The Supreme Court on Tuesday strongly criticised the practice of engaging employees on temporary or daily-wage basis for decades, calling it “ad-hocism” that undermines public trust and constitutional guarantees. The Court held that the state, as a constitutional employer, cannot balance budgets at the expense of workers who perform recurring public functions.
A bench of Justices Vikram Nath and Sandeep Mehta said the long-term extraction of regular labour under temporary labels corrodes confidence in public administration and offends the principle of equal protection.
“The state is not a mere market participant but a constitutional employer.

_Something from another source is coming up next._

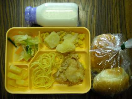 丸パン&バターロール・フライドチキン・ペペロンチーノ・コーンポテト・

Where work recurs day after day and year after year, the establishment must reflect that reality in its sanctioned strength and engagement practices,” the bench observed.

The judges emphasised that financial stringency, though a legitimate policy concern, cannot be used as a blanket justification for denying workers their due rights. “‘Ad-hocism’ thrives where administration is opaque,” the Court noted, stressing the need for transparency in maintaining establishment registers, muster rolls and outsourcing arrangements.

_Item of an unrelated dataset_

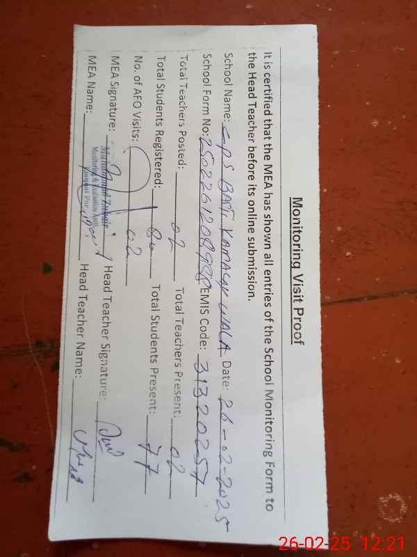 | EMIS Code: 31320257 | Name of School: GPS KAMALAY WALA | |||

The bench further underlined that the government must justify, with evidence, why it resorts to precarious engagements over sanctioned posts, and how such practices align with constitutional protections under Articles 14, 16 and 21.
The ruling came while deciding appeals filed by employees engaged by the Uttar Pradesh Higher Education Services Commission between 1989 and 1992. The Allahabad High Court had earlier dismissed their plea for regularisation, holding that they were only daily wagers and no such provision existed under the commission’s rules.
Reversing the High Court’s view, the Supreme Court directed that all the employees be regularised with effect from February 24, 2002. For this purpose, the state and its successor body, the U.P. Education Services Selection Commission, were ordered to create supernumerary posts in the corresponding cadres of Class-III (Driver or equivalent) and Class-IV (Peon/Attendant/Guard or equivalent), without any preconditions.
The bench cautioned that refusal to sanction posts cannot escape judicial scrutiny for arbitrariness. Non-speaking rejections citing generic financial constraints, while ignoring functional necessity and longstanding reliance on daily wagers, were held to be unreasonable and contrary to the standards expected of a model public institution.
“Sensitivity to the human consequences of prolonged insecurity is not sentimentality. It is a constitutional discipline that should inform every decision affecting those who keep public offices running,” the order stated.